> EXERCISE
Could you retype the records word for word but without any pictures?

> INPUT DATA

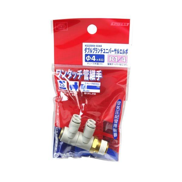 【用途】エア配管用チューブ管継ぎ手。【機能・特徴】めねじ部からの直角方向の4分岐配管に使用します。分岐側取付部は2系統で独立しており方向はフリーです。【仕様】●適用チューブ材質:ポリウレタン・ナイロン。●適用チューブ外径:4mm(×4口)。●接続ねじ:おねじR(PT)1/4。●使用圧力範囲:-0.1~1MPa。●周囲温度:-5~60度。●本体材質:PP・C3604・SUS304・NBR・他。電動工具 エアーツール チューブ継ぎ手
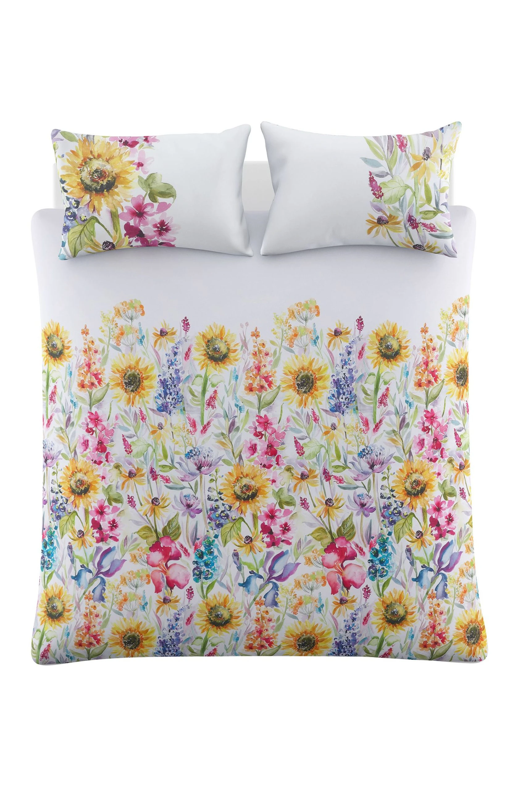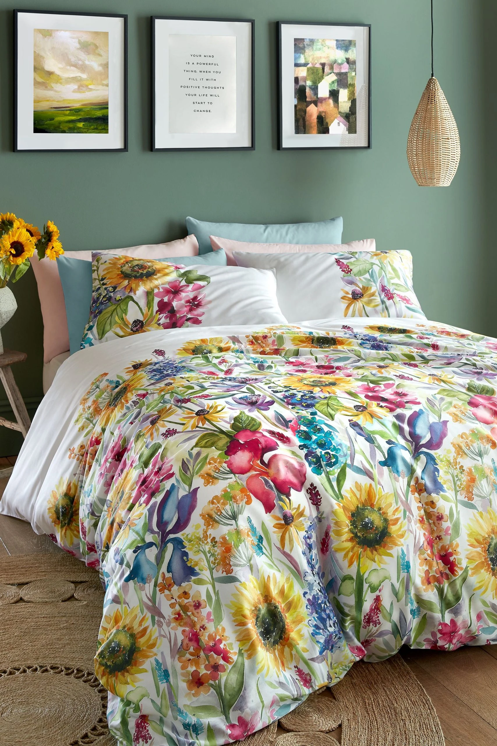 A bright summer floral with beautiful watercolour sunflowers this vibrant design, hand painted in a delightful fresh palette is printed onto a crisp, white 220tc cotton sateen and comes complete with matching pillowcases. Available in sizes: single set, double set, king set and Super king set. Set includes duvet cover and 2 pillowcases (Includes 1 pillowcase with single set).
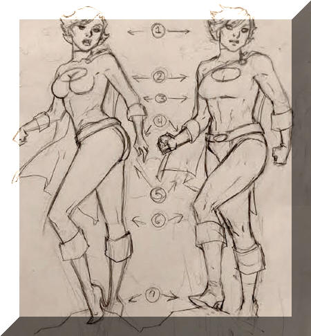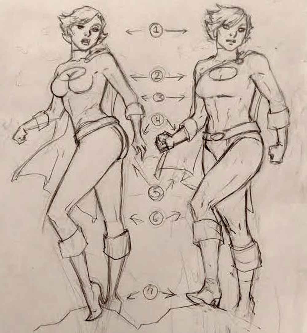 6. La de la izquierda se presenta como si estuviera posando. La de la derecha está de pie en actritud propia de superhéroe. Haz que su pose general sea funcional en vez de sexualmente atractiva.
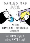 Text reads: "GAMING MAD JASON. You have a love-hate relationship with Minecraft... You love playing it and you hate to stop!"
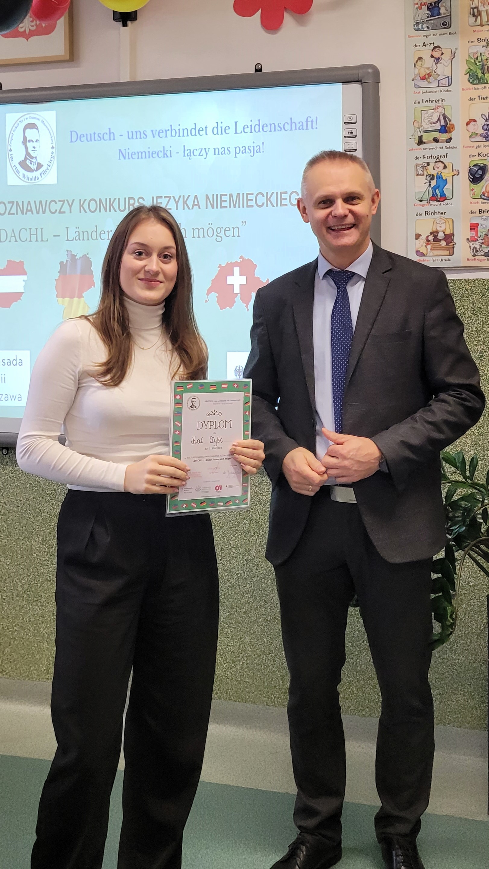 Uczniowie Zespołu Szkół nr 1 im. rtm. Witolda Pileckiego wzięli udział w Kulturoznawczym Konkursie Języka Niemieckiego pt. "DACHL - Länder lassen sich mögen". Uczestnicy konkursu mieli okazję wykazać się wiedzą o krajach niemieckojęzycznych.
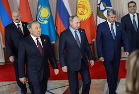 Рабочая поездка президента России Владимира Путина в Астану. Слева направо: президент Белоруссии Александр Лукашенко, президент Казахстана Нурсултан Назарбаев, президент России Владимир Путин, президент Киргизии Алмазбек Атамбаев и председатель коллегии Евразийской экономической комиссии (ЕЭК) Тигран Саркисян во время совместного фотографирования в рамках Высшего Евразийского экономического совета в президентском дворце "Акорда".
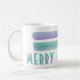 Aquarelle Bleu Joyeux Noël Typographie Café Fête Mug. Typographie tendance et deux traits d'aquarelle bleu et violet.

> SOLUTION BELOW
 【用途】エア配管用チューブ管継ぎ手。【機能・特徴】めねじ部からの直角方向の4分岐配管に使用します。分岐側取付部は2系統で独立しており方向はフリーです。【仕様】●適用チューブ材質:ポリウレタン・ナイロン。●適用チューブ外径:4mm(×4口)。●接続ねじ:おねじR(PT)1/4。●使用圧力範囲:-0.1~1MPa。●周囲温度:-5~60度。●本体材質:PP・C3604・SUS304・NBR・他。電動工具 エアーツール チューブ継ぎ手
 A bright summer floral with beautiful watercolour sunflowers this vibrant design, hand painted in a delightful fresh palette is printed onto a crisp, white 220tc cotton sateen and comes complete with matching pillowcases. Available in sizes: single set, double set, king set and Super king set. Set includes duvet cover and 2 pillowcases (Includes 1 pillowcase with single set).
 6. La de la izquierda se presenta como si estuviera posando. La de la derecha está de pie en actritud propia de superhéroe. Haz que su pose general sea funcional en vez de sexualmente atractiva.
 Text reads: "GAMING MAD JASON. You have a love-hate relationship with Minecraft... You love playing it and you hate to stop!"
 Uczniowie Zespołu Szkół nr 1 im. rtm. Witolda Pileckiego wzięli udział w Kulturoznawczym Konkursie Języka Niemieckiego pt. "DACHL - Länder lassen sich mögen". Uczestnicy konkursu mieli okazję wykazać się wiedzą o krajach niemieckojęzycznych.
 Рабочая поездка президента России Владимира Путина в Астану. Слева направо: президент Белоруссии Александр Лукашенко, президент Казахстана Нурсултан Назарбаев, президент России Владимир Путин, президент Киргизии Алмазбек Атамбаев и председатель коллегии Евразийской экономической комиссии (ЕЭК) Тигран Саркисян во время совместного фотографирования в рамках Высшего Евразийского экономического совета в президентском дворце "Акорда".
 Aquarelle Bleu Joyeux Noël Typographie Café Fête Mug. Typographie tendance et deux traits d'aquarelle bleu et violet.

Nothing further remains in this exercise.